General VAT FAQ’s
What is Tax?
Tax is an additional amount, which is payable by every individual to help the government in raising the revenue to pay for public services. These raised revenues will be used to pay for public services such as public hospitals, schools and universities, defence and other important aspects of daily life.
There are basically 2 types of taxes:
Direct Tax: The Tax collected by the government by the same person on whom it is imposed is called Direct Tax (Eg: income tax, corporate tax).
Indirect Tax: The Tax collected by an intermediate medium for the government from the same person that pays the tax is known as indirect tax (Eg: Retail Stores).
What is VAT?
VAT (Value Added Tax) is an indirect tax, which is imposed on most supplies of goods and services that are bought and sold. It is the most common type of consumption tax around the world and has already been implemented in over 150 countries, which include all 29 European Union (EU) members, Canada, New Zealand, Australia, Singapore and Malaysia.
It is charged at each and every step of the ‘supply chain’, which ultimately ends up to the consumer paying VAT, Businesses plays the role of a collector on behalf of the government.
What is the difference between VAT and Sales Tax?
There may not be any observable difference between a Sales Tax and a VAT for common people, but there are some key differences, which makes their working a bit different from each other. Sales tax only gets imposed on the final sale to the consumer, while value-added tax works for both Goods and Services. Moreover, Sales tax is only imposed to the final sale to the consumer.
Many countries chose VAT over the Sales tax for many reasons, in which the most important reason is that VAT is considered as a sophisticated approach to taxation, because of the whole system from consumer to the government work under this in a well-arranged manner.
Why is the UAE implementing VAT?
The UAE government offers many public services to the residents such as hospitals, roads, public schools, parks, waste control, and police services, which are paid by government funds. VAT will provide an additional source of generating revenues for the government to provide high-quality public services into the future.
Why does the UAE need to coordinate VAT implementation with other GCC countries?
The UAE is basically a part of a group of countries, which are connected through “The Economic Agreement Between the GCC States” and “The GCC Customs Union”. The GCC group has previously too worked together to implement new policies.
When will the VAT go into effect and what will be the rates?

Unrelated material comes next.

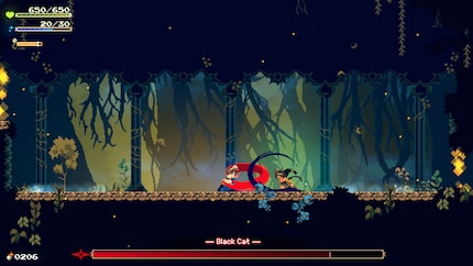 What’s this black cat doing in a forest teeming with monsters? And what happened to her covered eye? Momo, high priestess of the village of Koho and my in-game character, wonders the same thing. In response to this loudly formulated question, the cat turns into a woman and attacks me. An intense battle ensues. The first that actually challenges me after more than one (out of ten) hours of playtime.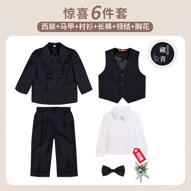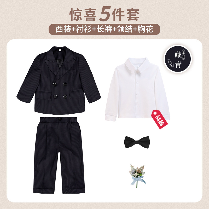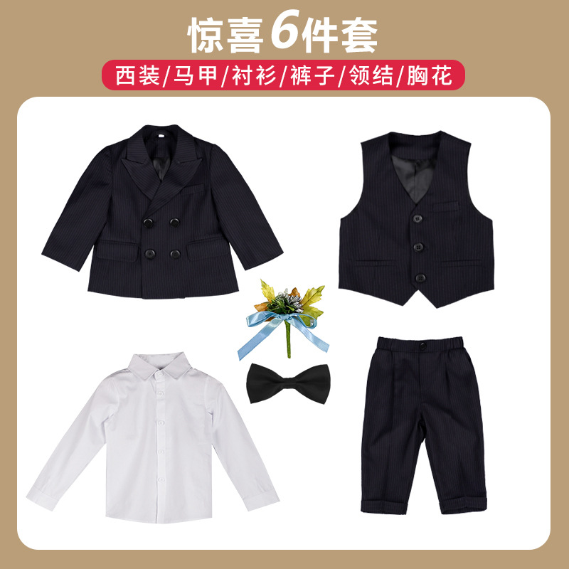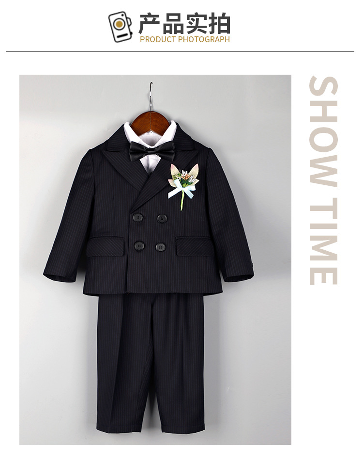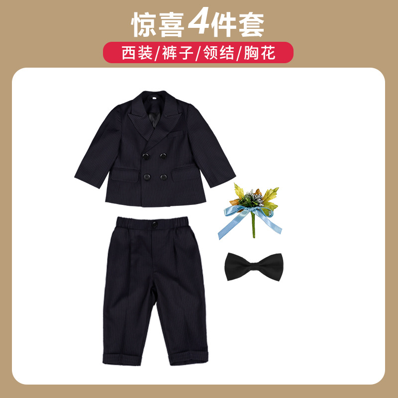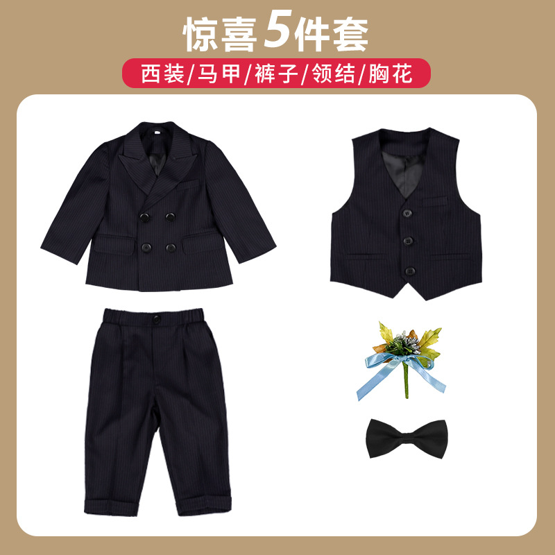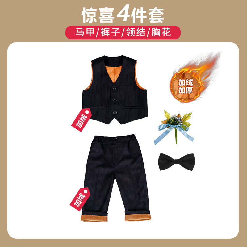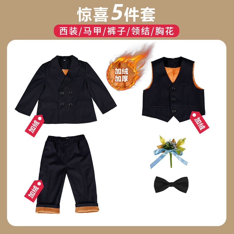 어린이 정장 3피스 세트, 유아 가을 겨울 남아 예복, 줄무늬 아기 돌잔치 웨딩 화동 촬영용, 보온 기능 추가스토어 가기

VAT is said to be implemented across UAE on 1 January 2018, and the rate is likely to be equal or less than 5%.
How will the government collect VAT?
The businesses and retail stores will be responsible for documenting their business income and costs carefully along with the VAT charges. The registered businesses will charge VAT to their consumers on the goods or services they purchase from the suppliers. Then the difference between these sums is to be paid to the government. This is the way, government collect VAT.
Will VAT cover all product and services?
Except for a limited number of reliefs, VAT will be applied to the majority of transactions in goods and services.
Will the cost of living increase?
Yes, the cost of living is expected to increase a little, but this will totally depend on the lifestyle of any individual. If you’re spending on the things, which are affected by VAT then you will surely see the change in your cost of living.
What measures will the government take to ensure that businesses don’t use the VAT implementation as an excuse to increase prices?
VAT is being implemented to improvise the economic base of the country. So, the special rule should be implemented, which will make clear that how much value-added tax you are paying for each transaction.
How can one object to the decisions of the Authority?
Any person, who is not satisfied with a decision of the Federal Tax Authority, can make an objection request to the FTA to reconsider the decision. This should be done within 20 days of the receipt of original decision notification, and the FTA needs to provide its revised decision within 20 days from the date the request was made.
If the taxpayer is still not satisfied with the FTA’s decision, he/she can further file an objection to the Tax Disputes Resolution Committee within 20 days from the date of the revised decision. The committee will then consult and come up with a decision within 20 days from the date of re-objection.
If the person is not happy with the committee’s decision, he can file a request to the competent court within 20 business days from the date of receipt of notification of the committee’s decision.
When will more details on Value Added Tax be available?
We expect that more detailed information by the government will be revealed soon.